Bonjour ! Here your fresh Data News edition. This is the first day of July and summer break will arrive for many of you. Sadly data never waits. So I hope you have enough team redundancy to be able to disconnect.
This week I published a new YouTube animated video: data explained to kids — in French but with English subtitles. BTW if you want to help me to do the English version, ping me 👋
Data Fundraising 💰
- Snowplow, a complete suite of web analytics tools, raised $40m Series B. This is an open-source tool I know from back in 2014 and their marketing evolved drastically. From a web analytics tool to a behavioral data platform including AI and so on. By coincidence — or by chance — last week Italy declared Google Analytics illegal following others in Europe.
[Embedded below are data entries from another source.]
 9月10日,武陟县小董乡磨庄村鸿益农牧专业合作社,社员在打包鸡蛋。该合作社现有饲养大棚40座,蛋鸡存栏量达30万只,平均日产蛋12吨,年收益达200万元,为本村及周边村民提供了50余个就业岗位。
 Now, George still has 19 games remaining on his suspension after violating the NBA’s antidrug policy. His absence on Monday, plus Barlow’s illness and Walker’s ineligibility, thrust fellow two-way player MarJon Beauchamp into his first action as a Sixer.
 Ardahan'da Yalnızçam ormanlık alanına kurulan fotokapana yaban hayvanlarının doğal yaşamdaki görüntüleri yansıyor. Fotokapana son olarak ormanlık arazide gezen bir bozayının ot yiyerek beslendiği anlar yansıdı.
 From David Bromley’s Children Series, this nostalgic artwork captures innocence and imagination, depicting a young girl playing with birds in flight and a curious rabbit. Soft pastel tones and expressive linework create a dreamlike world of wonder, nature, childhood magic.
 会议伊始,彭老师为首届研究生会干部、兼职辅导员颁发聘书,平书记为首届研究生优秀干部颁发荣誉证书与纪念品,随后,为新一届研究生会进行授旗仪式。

- Zing Data raised $2.4m seed round. "Data at your fingertips" as they say. Their idea is to provide a mobile-first BI tool. Use your mobile to answer data questions and start data discussions. Obviously it works better for events companies.
- Lightbits raised $42m in capital. Through proprietary technology they sell highly available storage. I got into private object storages just recently because of a mission and I find it super interesting. This is a fierce competition based on saving percentages and so on.
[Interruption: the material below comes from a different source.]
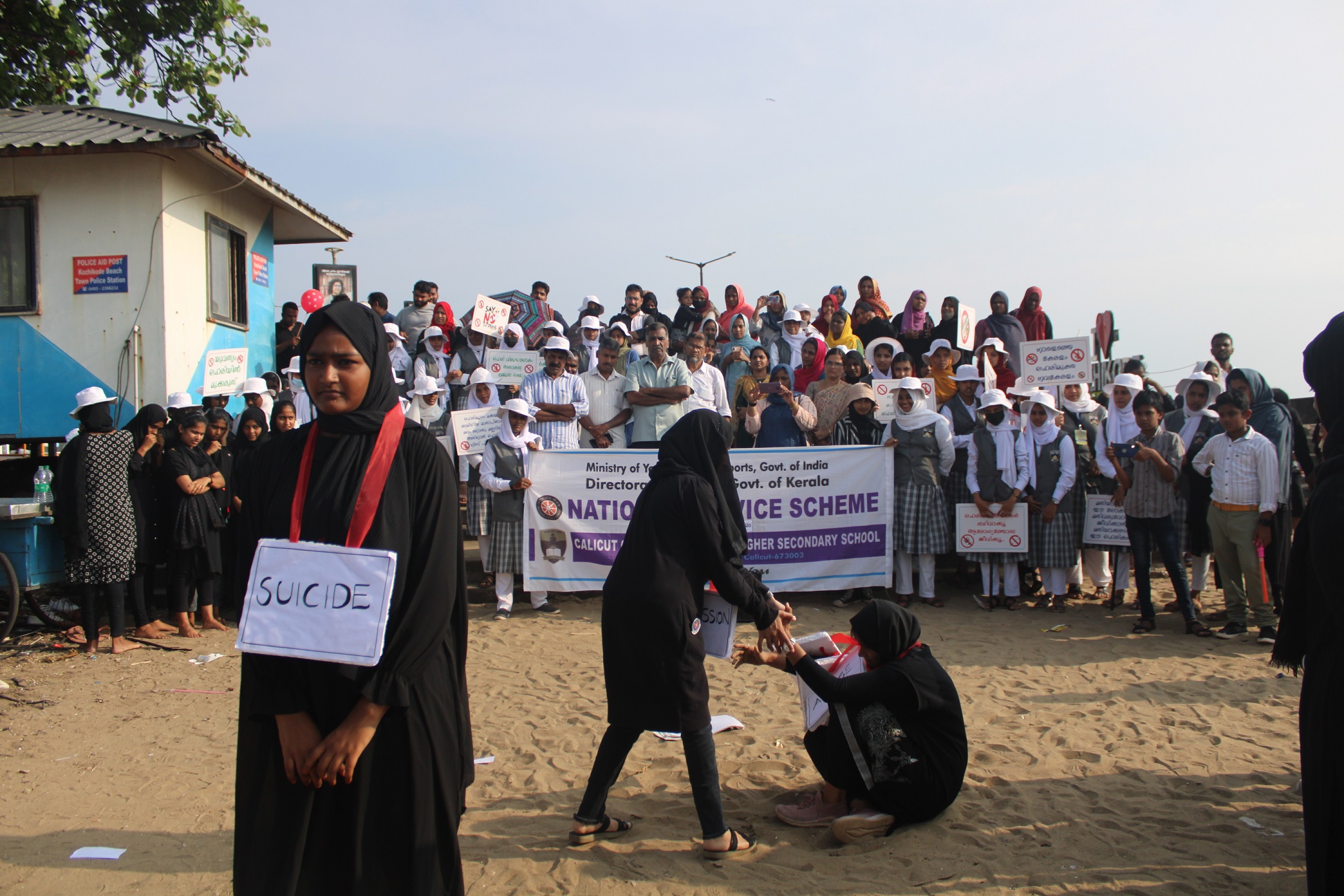 കാലിക്കറ്റ് ഗേൾസ് സ്കൂൾ എൻ.എസ്.എസ് വോളണ്ടിയർമാർ ലഹരിക്കെതിരെ കോഴിക്കോട് ബീച്ചിൽ തെരുവ് നാടകം അവതരിപ്പിക്കുന്നു

- Opaque Systems raised $22m in Series A. Don't stop at the corporate website, the technology seems promising. Here what they sell: "Opaque is the first confidential computing platform that enables [...] analytics and machine learning on encrypted data". They are also the creators of MC2 an open-source version of their platform. It needs a try.
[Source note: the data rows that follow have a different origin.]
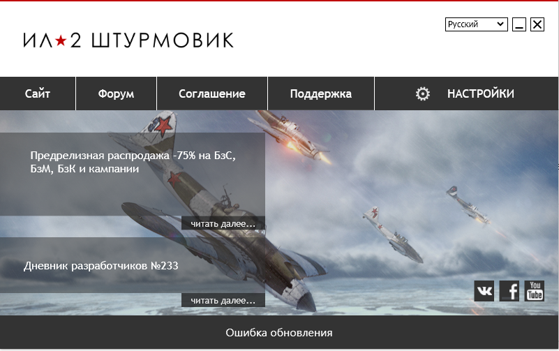 Botanik Опубликовано: 23 октября 2019 Опубликовано: 23 октября 2019 Решил проблему. - удалил папки updater (в data) и updates - скачал заново и переустановил лаунчер (IL2_setup_Great_Battles.exe) - при запуске лаунчер перепроверил файлы и запустил игру. (без удаления папок ошибка оставалась)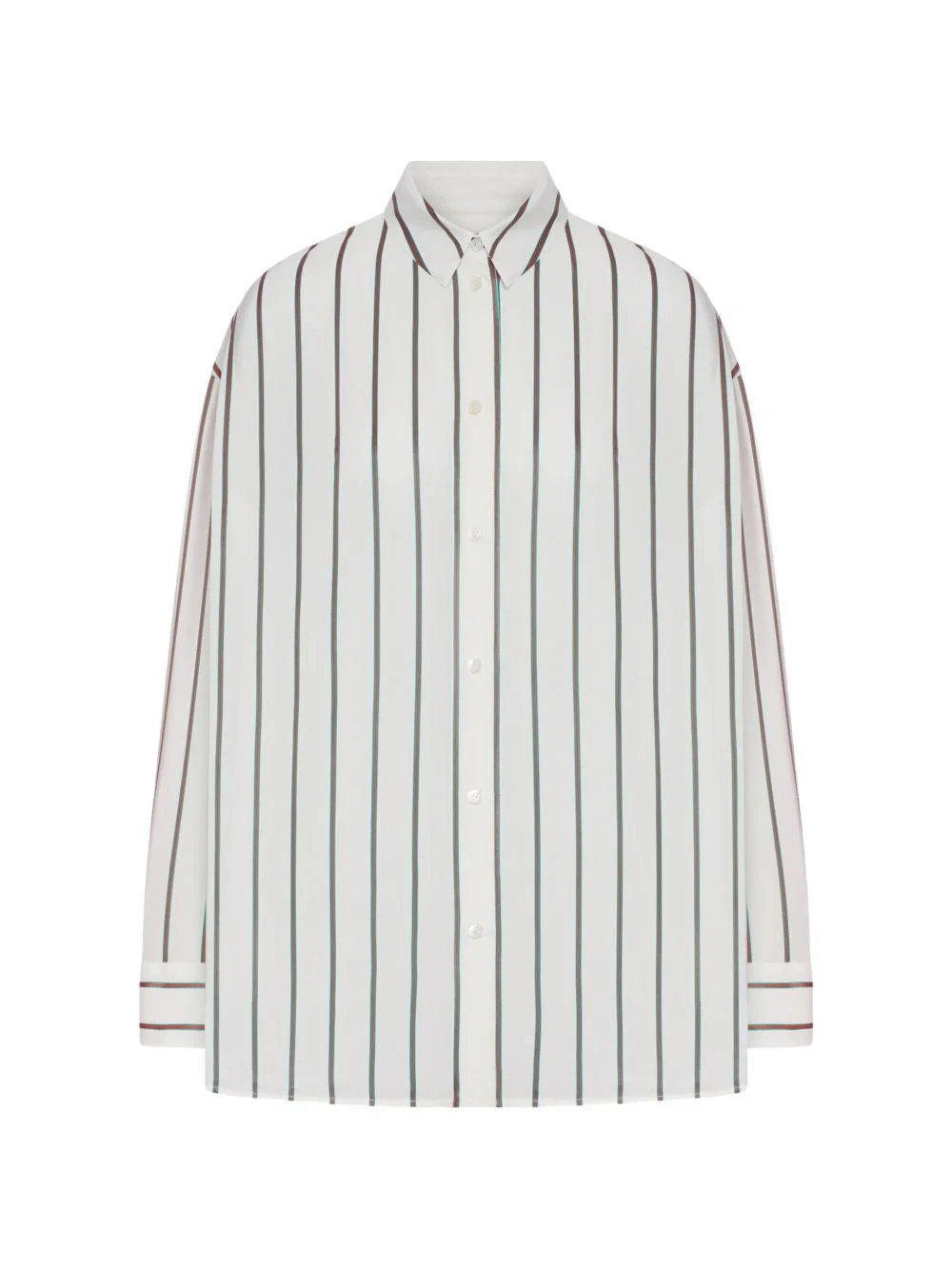 striped oversize shirt Highlights - White - Striped - Classic collar - Button fastening - Long sleeves - Buttoned cuffs Made in Italy Composition Silk 92%, Polyester 8% Washing instructions Read Manufacturer Guidelines
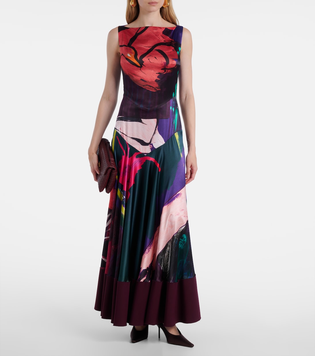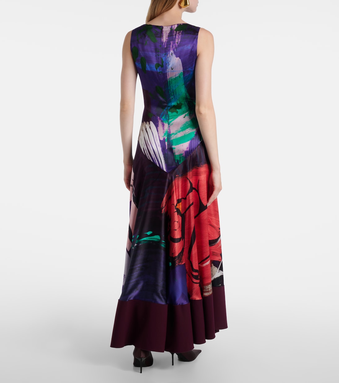 Платье Munir от Roksanda выполнено из блестящего шелкового атласа и украшено абстрактным принтом ярких оттенков. Этот очаровательный дизайн имеет заниженную талию и переходит в струящуюся юбку.

Things you should know about databases
I often share stuff around databases knowledge. This is a content I really enjoy. It's time for you to learn new things you should know about databases. Mahdi wrote a post with great illustrations. He explains very well how indexes and transactions work. What really happens between BEGIN and COMMIT in your SQL query?
A rant against dbt ref
Complaining about dbt became a trend. When you see the adoption and how people are happy about it this is normal at some point to see dissonant voices. It's Max turn to rant against dbt ref.
I do agree with Max. ref
manipulation is a pain point in dbt that breaks the magic. Especially when your workflow as a analyst is:
- writing SQL in your Snowflake/BigQuery web UI
- copy/paste the SQL in your text editor (whatever it is) to add it to git
- finding all the tables references to change it to ref
- forgetting something (alerted by the CI/CD)
And you do this every day, for every model you touch. In the end you spend more time playing Where's Wally? with tables names rather than writing SQL — ok I exaggerate a bit, but you got it.
On this specific point I think this is possible to develop a browser extension which on the fly replace tables names with the right dbt references — while waiting for some changes from the inside. If you want to do it with me.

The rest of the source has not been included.